== Segment start ==
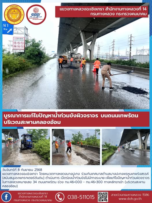 แขวงทางหลวงฉะเชิงเทรา โดยหมวดทางหลวงบางปะกง ร่วมกับเทศบาลตำบลบางปะกงพรหมเทพรังสรรค์ (สนับสนุนรถแทรกเตอร์ดันดิน) ดำเนินการ เปิดร่องน้ำท่วมขังไม่มีทางระบาย เพื่อแก้ไขปัญหาน้ำท่วมผิวจราจร ในทางหลวงหมายเลข 34 ถนนเทพรัตน ช่วง กม.46+000 - กม.46+300 ทางหลักขาเข้า (บริเวณสะพานคลองอ้อม)
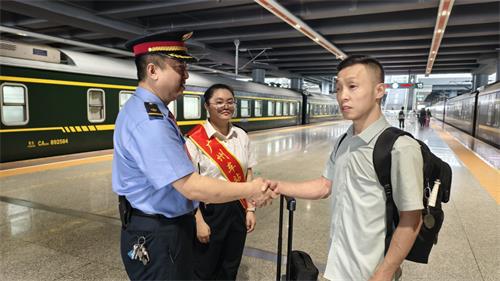 列车运行期间,乘务员冯超、陈新始终将这位旅客的需求放在心上,主动承担起照料职责:到了饭点,他们将热乎的饭菜送到旅客手中;看到水杯空了,及时帮忙打水续满;每日早晚,耐心协助旅客完成洗漱;每当旅客需要前往卫生间时,也会全程陪护在侧,用细致的服务为旅客搭建起安全便捷的乘车“通道”。
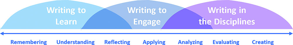 Following Bloom’s taxonomy, we characterize writing to learn, writing to engage, and writing to communicate (writing in the disciplines) as focusing on different parts of Bloom’s taxonomy:
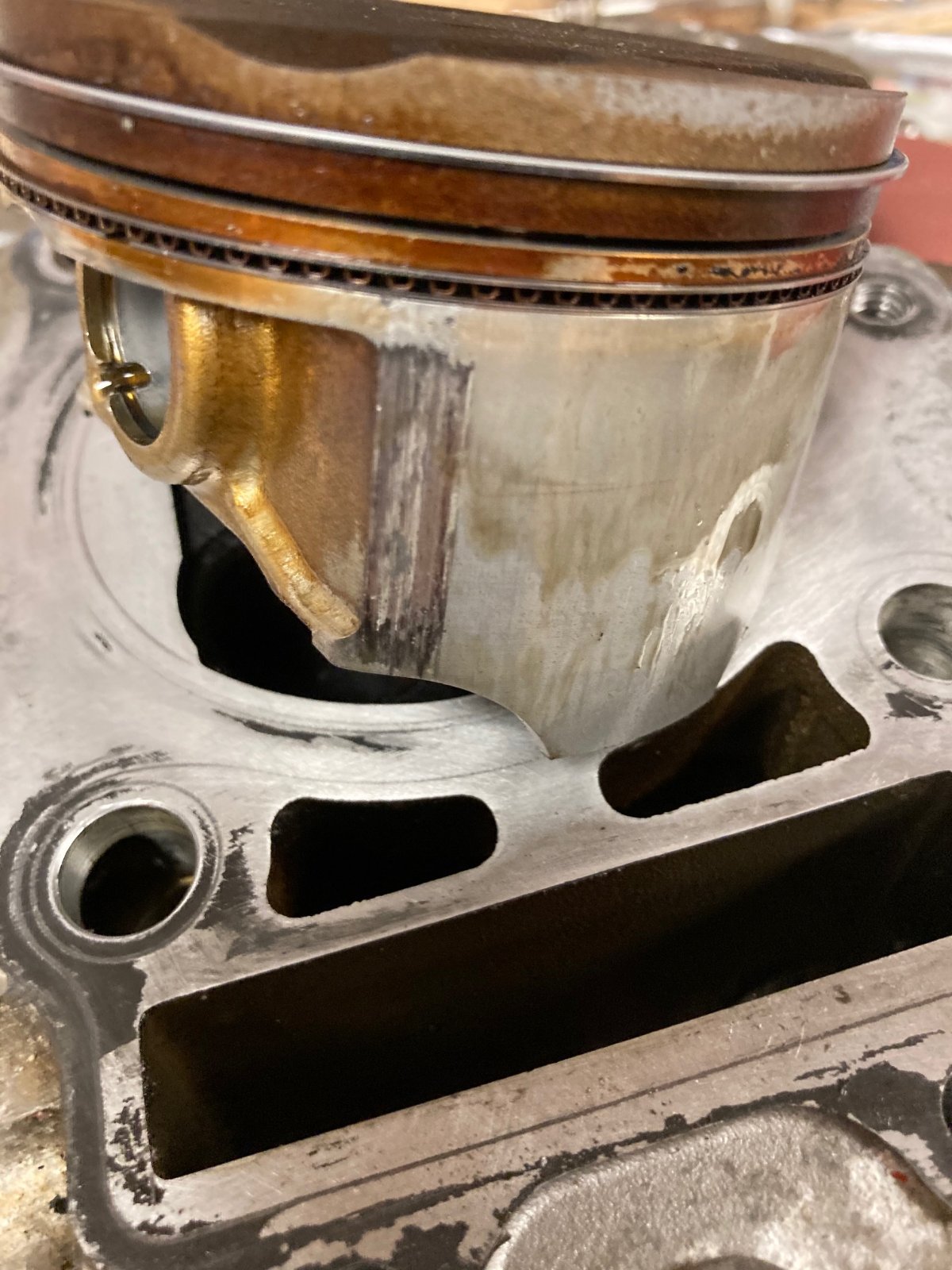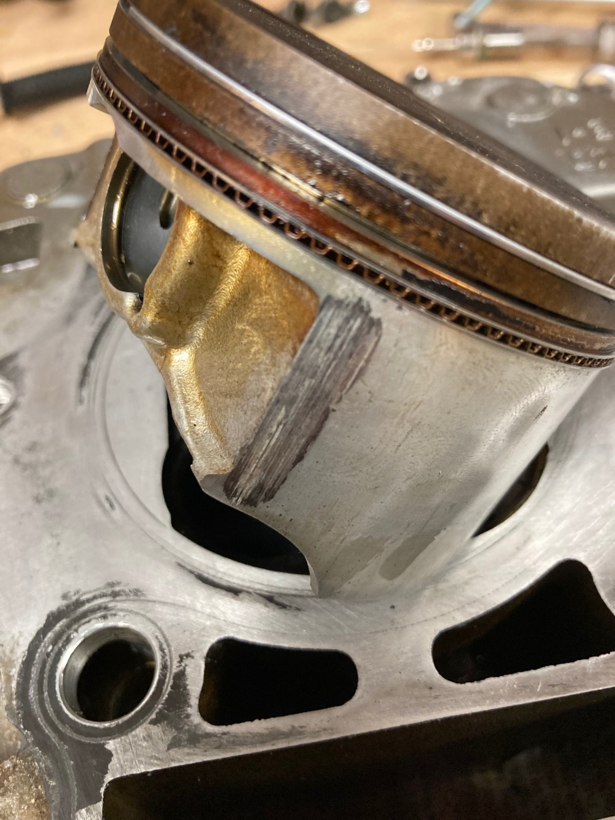 Der Kolben hat an allen 4 "Ecken" Schleifspuren, welche sich auch am Zylinder zeigen.
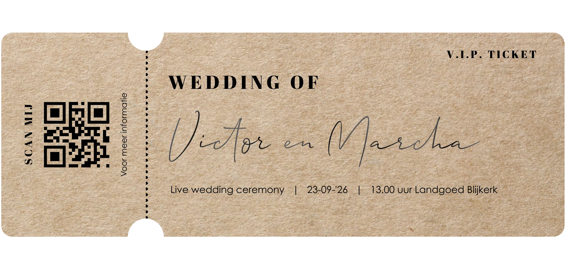 Unieke trouwkaart voor jullie onvergetelijke bruiloft. Deze huwelijksuitnodiging is gesneden in de vorm van een ticket: speciaal voor VIP's. O.a. de namen van het bruidspaar worden gedrukt in écht zwartfolie, wat deze kaart helemáál exclusief maakt. Liever een andere kleur? Dit pas je eenvoudig aan in onze ontwerpmodule.
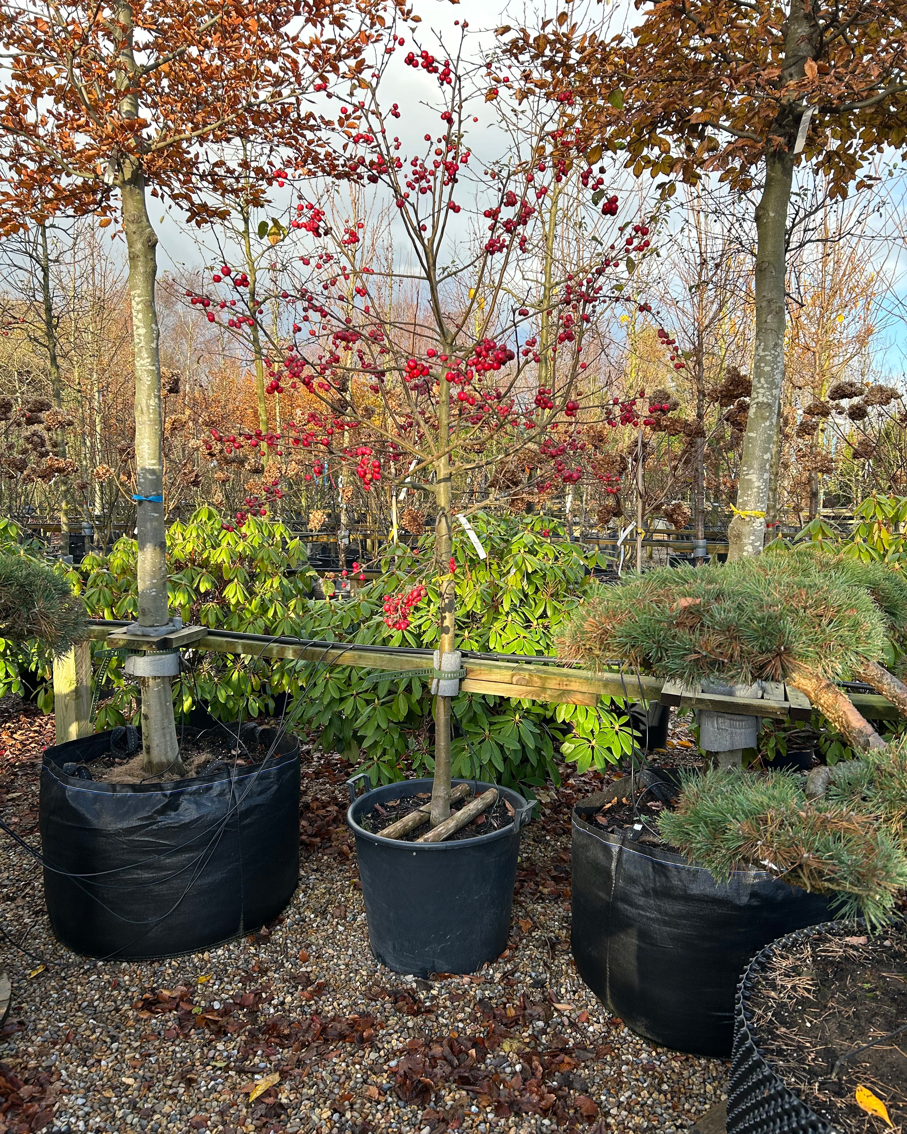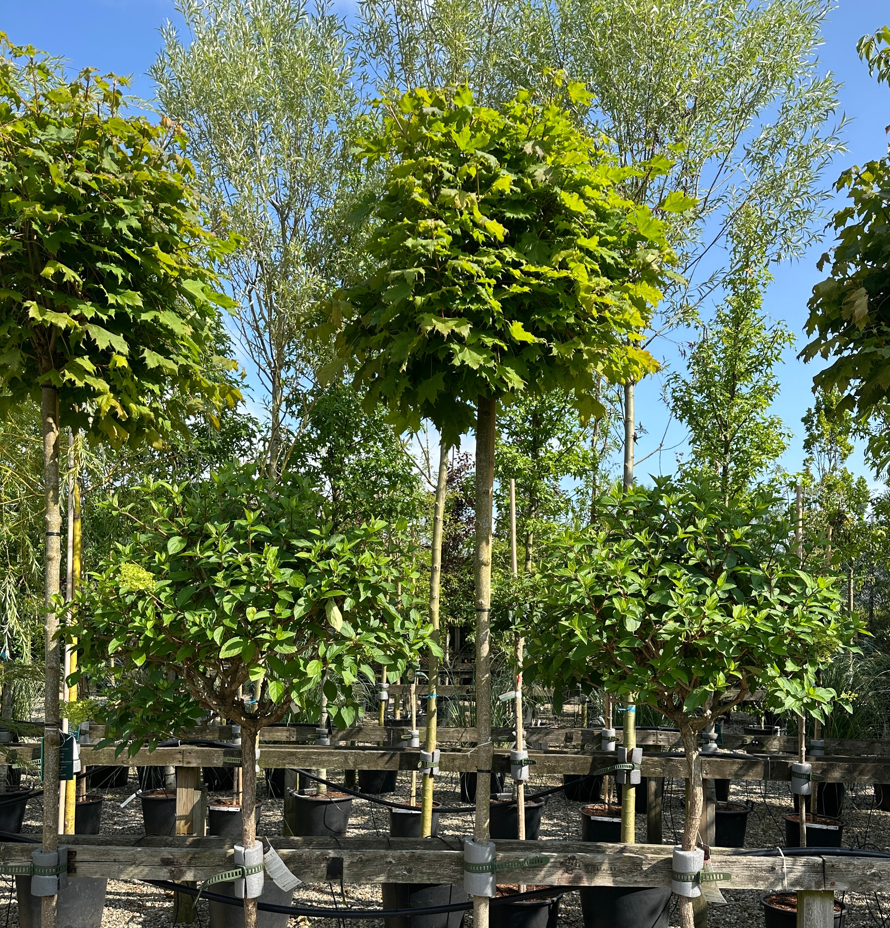 Jysk Plantesalg har et meget stort udvalg af opstammede træer i mange størrelse og sorter. Plantelageret ligger i Ribe syd for Esbjerg og er et besøg værd
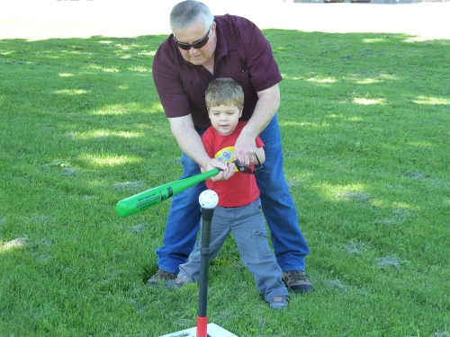 All right, Grandpa, this is how you hit the ball...
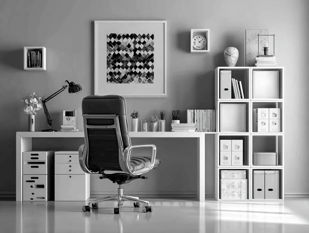 Create a workspace that inspires focus and sophisticated productivity with a monochrome palette. The balance of black, white, and grey can lead to a surprisingly calming yet invigorating environment.
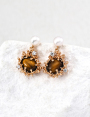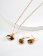 925 Sterling Silver Natural Pearl Zircon Coral-Shaped Tiger's Eye Pendant Earrings E01422-2
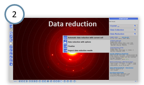 CrysAlis专业版ED 支持使用 AutoChem 自动分析电子衍射数据。此外,可以使用如下所示的简单菜单可靠且高效地执行手动分析。合并和分析多个测量数据也很容易。
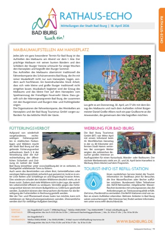 Stadtgespr%u00e4ch Bad Iburg | 15Jedes Jahr ein ganz besonderer Termin f%u00fcr Bad Iburg ist das Aufstellen des Maibaums am Abend vor dem 1. Mai. Der pr%u00e4chtige Maibaum mit seinen bunten B%u00e4ndern und den Schildern der Iburger Vereine schm%u00fcckt f%u00fcr einige Wochen den Hanseplatz und begr%u00fc%u00dft den Iburger Sommer.Das Aufstellen des Maibaums %u00fcbernimmt traditionell die Fahnenkompanie des Sch%u00fctzenvereins Bad Iburg, die ihn mit reiner Muskelkraft nicht nur zum Hanseplatz tragen, sondern auch hochhieven. Ein beeindruckendes St%u00fcck Arbeit, dass sich viele kleine und gro%u00dfe Iburger traditionell nicht entgehen lassen. Musikalisch begleitet wird der Einzug des Maibaums und das kleine Fest auf dem Hanseplatz vom Spielmannszug der Freiwilligen Feuerwehr Glane. Dazu gesellt sich der M%u00e4nnergesangverein Bad Iburg, der zusammen mit den Iburgerinnen und Iburgern Mai- und Fr%u00fchlingslieder singen. Die Organisatoren der Fahnenkompanie, des Weinkellers am Hanseplatz und der Bad Iburg Tourismus GmbH sorgen au%u00dferdem f%u00fcr das leibliche Wohl der G%u00e4ste. Los geht es am Donnerstag, 30. April, um 17 Uhr mit dem Einzug des Maibaums und nach dem Aufstellen richtet B%u00fcrgermeister Daniel Gro%u00dfe-Albers noch ein paar Gru%u00dfworte an die Anwesenden, die gemeinsam den Mai begr%u00fc%u00dfen m%u00f6chten. MAIBAUMAUFSTELLEN AM HANSEPLATZTOURIST-INFO IST REFILL-STATIONEinen zus%u00e4tzlichen Service bietet die TouristInformation im Stadthaus jetzt f%u00fcr Besucher, die ihre Wasserflaschen oder Becher auff%u00fcllen m%u00f6chten. Bundesweit f%u00fcllen Teilnehmer des ReFill-Netzwerkes mitgebrachte Wasserflaschen kostenlos mit Leitungswasser, das die Anforderungen an Trinkwasserqualit%u00e4t erf%u00fcllt. Ziel ist es, Plastikm%u00fcll zu vermeiden. Die ReFill-Stationen sind von au%u00dfen an einem Aufkleber erkennbar. Mehrere Anbieter in Bad Iburg w%u00e4ren w%u00fcnschenswert. Wer Interesse hat, findet weitere Informationen unter www.refill-deutschland.de.WERBUNG F%u00dcR BAD IBURGDie Bad Iburg Tourismus GmbH (BIT) war Mitte April mit einem Infostand beim 43. Westf%u00e4lischen Hansetag in der ca. 80 Kilometer entfernten Stadt Hamm vertreten. Bei sonnigem Wetter zeigten die zahlreichen Besucher gro%u00dfes Interesse an Ausflugszielen f%u00fcr einen Kurzurlaub, Wander- oder Radtouren. Der n%u00e4chste Werbeeinsatz steht am 25. und 26. April beim Hansefest in Warburg (Kreis H%u00f6xter) auf dem Programm.F%u00dcTTERUNGSVERBOTAufgrund von wiederholt vorgefundenen, rechtswidrigen F%u00fctterungsstellen in st%u00e4dtischen Parkanlagen und W%u00e4ldern macht die Stadt Bad Iburg auf das geltende F%u00fctterungsverbot aufmerksam. Nach %u00a7 8 der Verordnung %u00fcber die Aufrechterhaltung der %u00f6ffentlichen Sicherheit und Ordnung im Gebiet der Stadt Bad Iburg (einsehbar unter www.badiburg.de) ist es verboten, im Stadtgebiet wildlebende Tiere zu f%u00fcttern.Auch wenn das Bereitstellen von altem Brot, Getreideflocken oder sonstigen Nahrungsmitteln sicherlich gut gemeint ist, lockt es in erster Linie Ratten und Sch%u00e4dlinge an und beg%u00fcnstigt invasive Arten. Dies wiederum schadet den lokalen Wildtieren deutlich mehr, als es ihnen nutzt. Zudem sind viele Wildtiere nicht in der Lage, die verteilten Lebensmittel effizient zu verdauen. Verst%u00f6%u00dfe gegen das F%u00fctterungsverbot k%u00f6nnen mit einem Bu%u00dfgeld bis zu 5.000 Euro geahndet werden. Zus%u00e4tzlich k%u00f6nnen den Verursachern die Kosten f%u00fcr die Beseitigung der Futterstellen in Rechnung gestellt werden.Wer der Tier- und Pflanzenwelt etwas Gutes tun m%u00f6chte, kann sich stattdessen an Naturschutzorganisationen wenden. Ehrenamtliche werden dort f%u00fcr vielf%u00e4ltige Aufgaben ben%u00f6tigt.RATHAUS-ECHOMitteilungen der Stadt Bad Iburg | 18. April 2026 RATHAUS-ECHOWWW.BADIBURG.DERATHAUS Am Gografenhof 3 und 4 | 49186 Bad Iburg | Telefon 05403/4040 | Fax 05403/40499 | E-Mail: info@badiburg.deSTADTHAUS %u00d6ffnungszeiten: Mo. bis Fr. 8.30 Uhr bis 12 Uhr | Mittwoch Nachmittag geschlossen | Mo., Di. 14 bis 17 Uhr | Do. 14 bis 18 UhrTOURIST- Am Gografenhof 3INFORMATION Telefon 05403/40466 | Fax 05403/40486 | E-Mail: tourist-info@badiburg-tourismus.de%u00d6ffnungszeiten: Mo. bis Fr. 9 bis 13 Uhr und 14 bis 17 Uhr %u00b7 Sa. 10 bis 13 Uhr
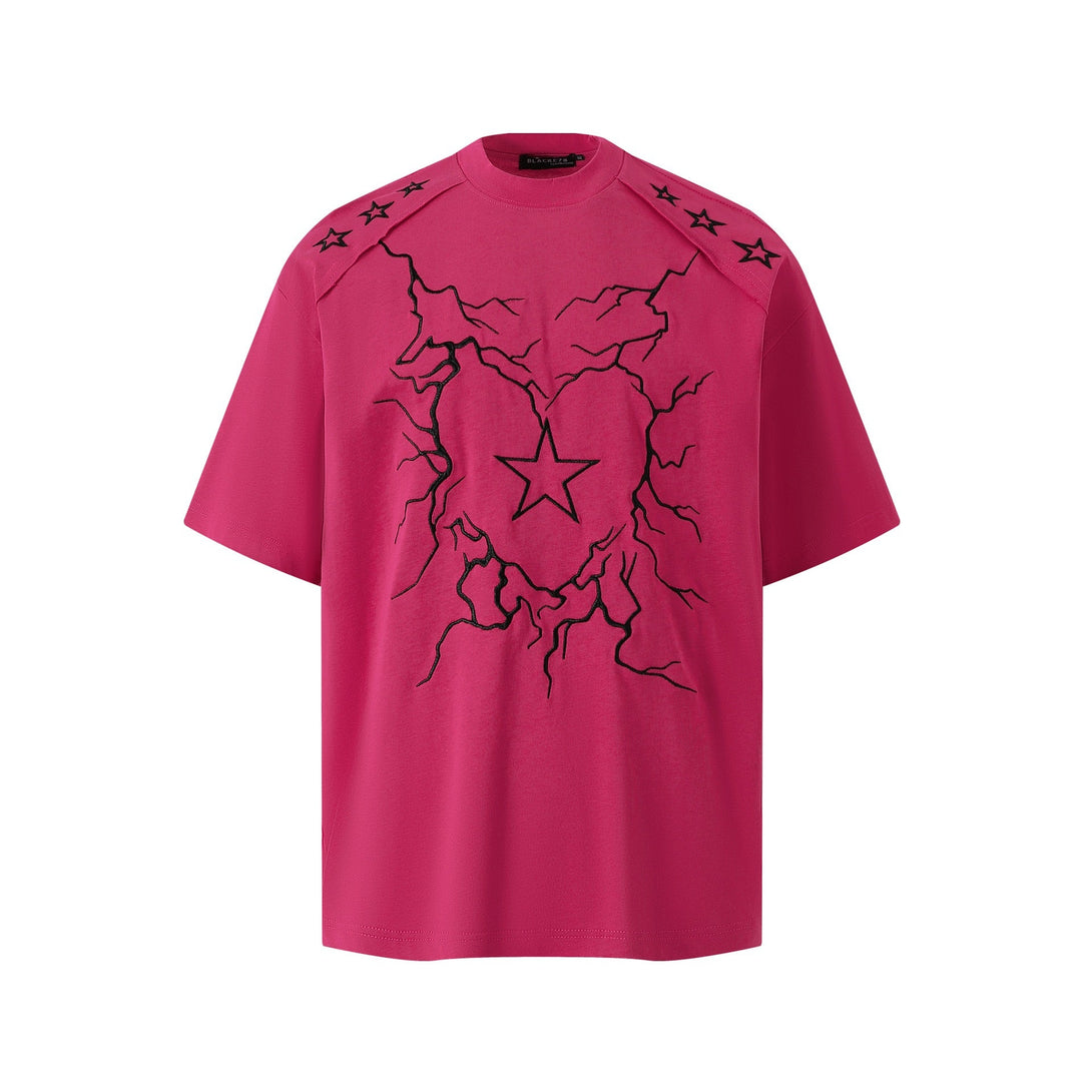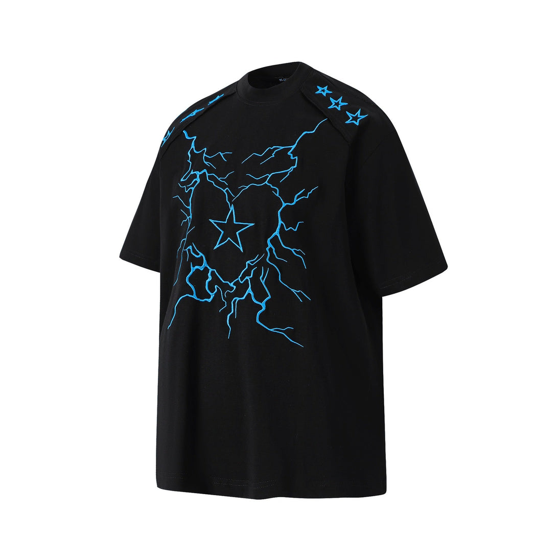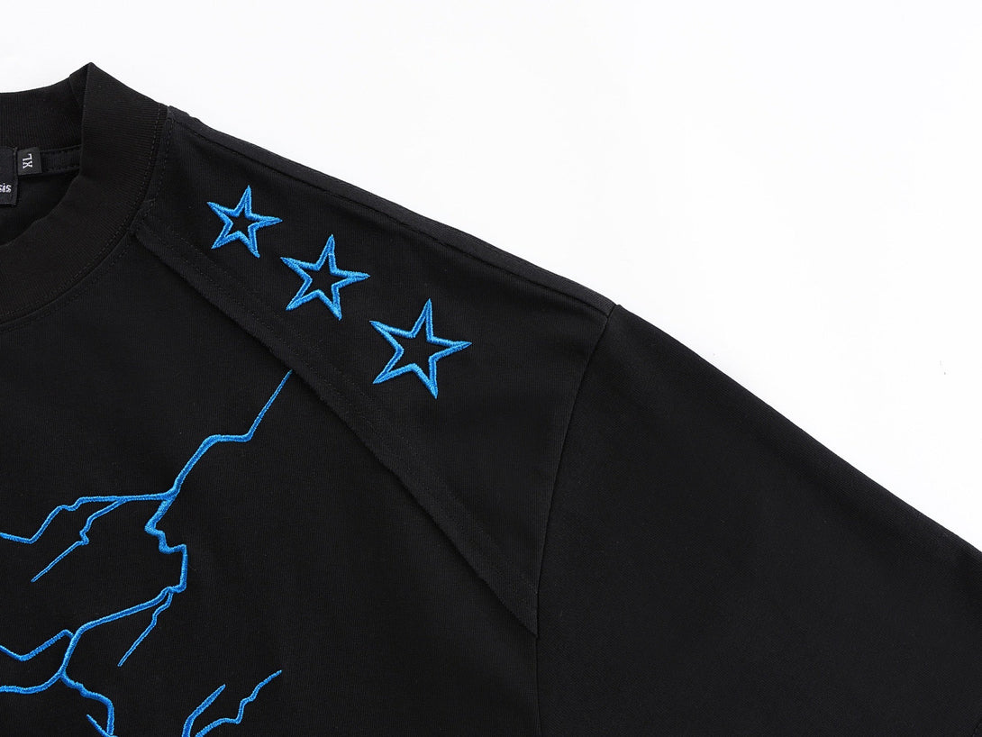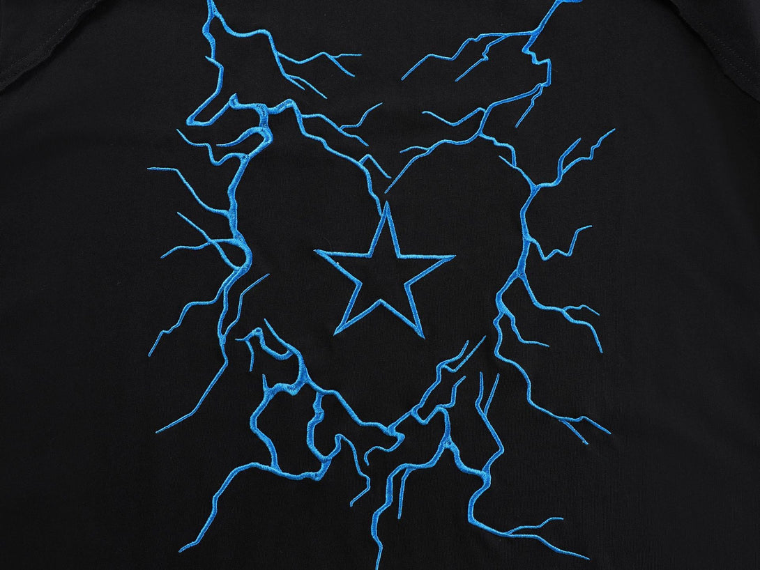 Our Electric Lightning Embroidered Tee is built with premium cotton knit and heavy-duty embroidery construction designed for those who channel raw energy into their personal style. The intricate lightning bolt network radiates from a central star motif, creating dynamic visual movement that captures the electric intensity of street culture, while the oversized silhouette adapts seamlessly for bold statement looks or layered streetwear expressions. Custom embroidery work and reinforced construction ensure this high-energy piece maintains its dimensional impact and structural integrity through countless electrifying adventures.
== Segment end ==
*Task requirements:*
For the data above, set down exactly the lines from the line with "All right, Grandpa, this" to the line with "CrysAlis专业版ED 支持使用 AutoChem", both included, leaving pictures out.

*Response to the task:*
 All right, Grandpa, this is how you hit the ball...
 Create a workspace that inspires focus and sophisticated productivity with a monochrome palette. The balance of black, white, and grey can lead to a surprisingly calming yet invigorating environment.
 925 Sterling Silver Natural Pearl Zircon Coral-Shaped Tiger's Eye Pendant Earrings E01422-2
 CrysAlis专业版ED 支持使用 AutoChem 自动分析电子衍射数据。此外,可以使用如下所示的简单菜单可靠且高效地执行手动分析。合并和分析多个测量数据也很容易。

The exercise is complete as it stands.